Chris Piallat sketched out the need of a new narrative in times of digital disruptions. A general framework which enables us to overcome perceived conflicts in cultural production and publishing in special. Not only do we need differentiated approaches (on the micro level) but simultaneously we also do need a strong narrative that enables everybody to declare their rights on accessing culture on the one hand and on the other hand is inclusive enough that existing giants can agree on. The narrative for the digital age could deal primarily with sustainability – its slogan being “The net is just borrowed“. The environmentalism movements were pretty successful in declaring a responsibility of everybody for the commons. We could learn from this story. We all, as producers and consumers, depend on contract laws of web services and closed ecosystems we use. Only if we understand that we are able to declare cultural production as open commons we want to keep sustainable.
As in the other workshop tracks the starting point to this challenge was also: More power to the people! Taketo Oguchi came up with the idea of creating a template that could help people to organize their local news. With the help of that template it would be easy for everyone to create their own digital local newspaper. Sapporo already has a very strong local newspaper the Hokkaido Shimbun with more than one million readers. The challenge for a digital local newspaper would be to connect with the already existing readership and help them engage actively in the production of their own newspaper.
Obviously such peer-production only become sustainable when the power of the people is supplemented by the power from the governemnt and the economy. Those sectors need to create an approriate enviornment (we are talking about laws and regulations) for the creative output of the masses to become sustainable.

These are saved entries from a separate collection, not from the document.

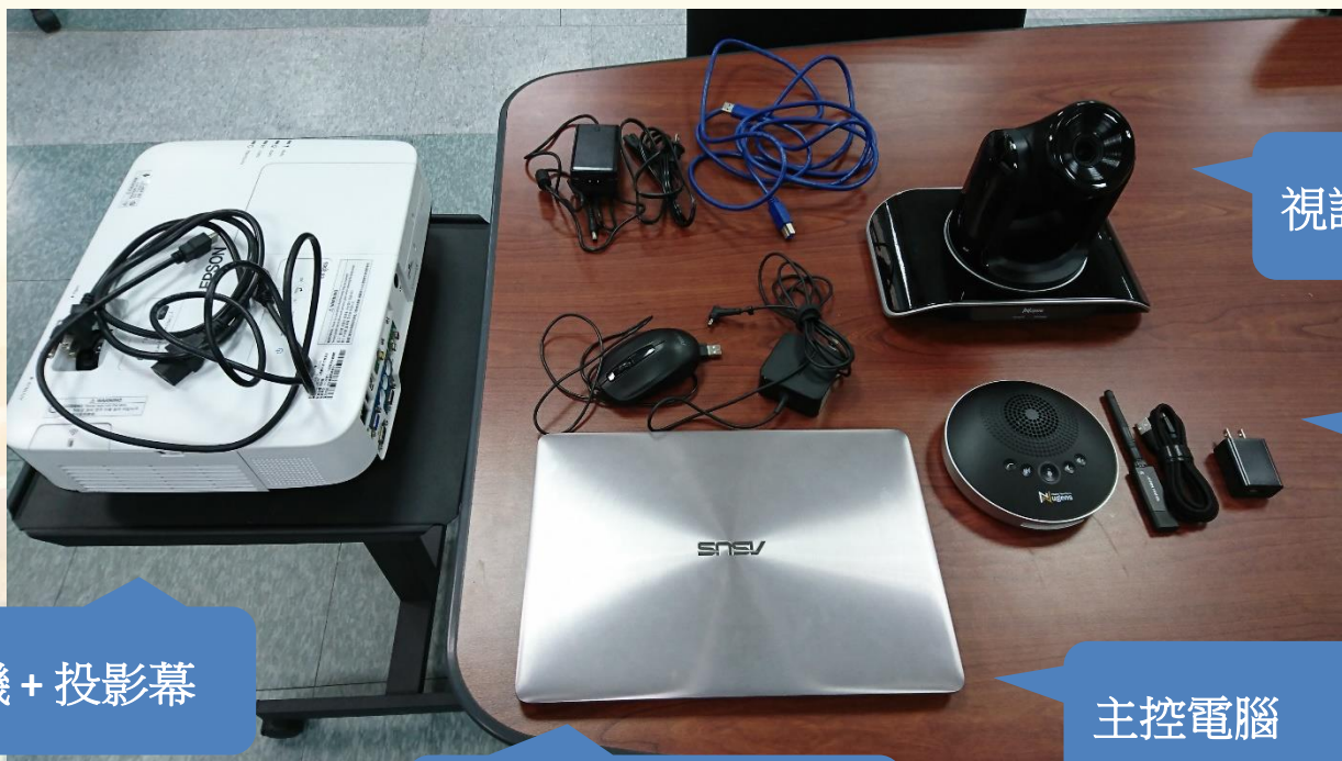
投影機 + 投影幕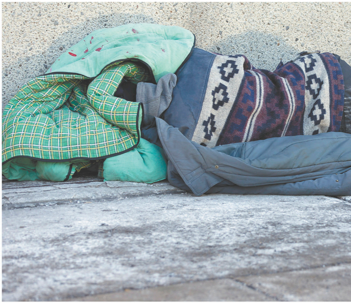
Des centaines de sans-abri souffrant d'une dépendance à l'alcool continuent de dormir dans les rues de la métropole, faute de ressources pouvant accueillir les personnes intoxiquées, selon la Ville.

« Il y a des clientèles qui ne vont pas dans les refuges, note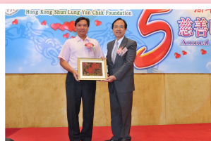
● 順德區政府向本會送贈香雲紗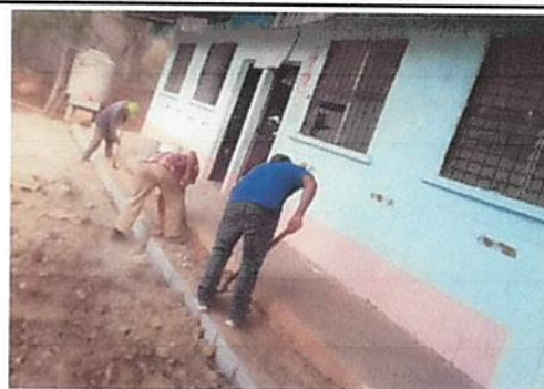
Foto 6: Construccion de estufa rural, con instalacion de plancha y chimenea

Observación: Si es necesario se pueden agregar hojas adicionales y actualizar el número de hojas.

Everybody can become a prosumer – that is a consumer, who is actively involved in producing what he or she consumes. In addition to that, the active consumer can generate new products, contents and much more. At the fourth track of the conference, entitled “WE DO: Trends in consumer generated content”, David Lindsay Wright, Professor at the Future University of Hakodate in Hokkaido, tried to bring together the different strings as moderator.
What we call „consumer / user generated content“ has a quality of its own, easily surpassing standardized contents or products made for mass consumption. Here something more personal, more individual, more unique is being made and offered to a growing number of people, who are interested in alternatives to mass consumerism.
One example of this new prosumer culture is the Japanese pop idol Hatsune Miku. Hatsune Miku is not a real person but a singing synthesizer application which has a female persona. It was developed by Crypton Future Media. Hiroyuki Ito, CEO of Crypton Future Media, explained about the success of Hatsune Miku and how his company decided to let the user decide what their idol will do and look like. The original software is properietary but all additional software is open source. This way everyone can compose songs for Hatsune and let her sing.
In all those contexts innovation is initiated by people who are not necessarily aiming at innovation. Instead, they most of the time just follow their passion without a professional or commercial interest. Or they are in a catastrophic situation and try to deal with a big problem by developing non-standard solutions.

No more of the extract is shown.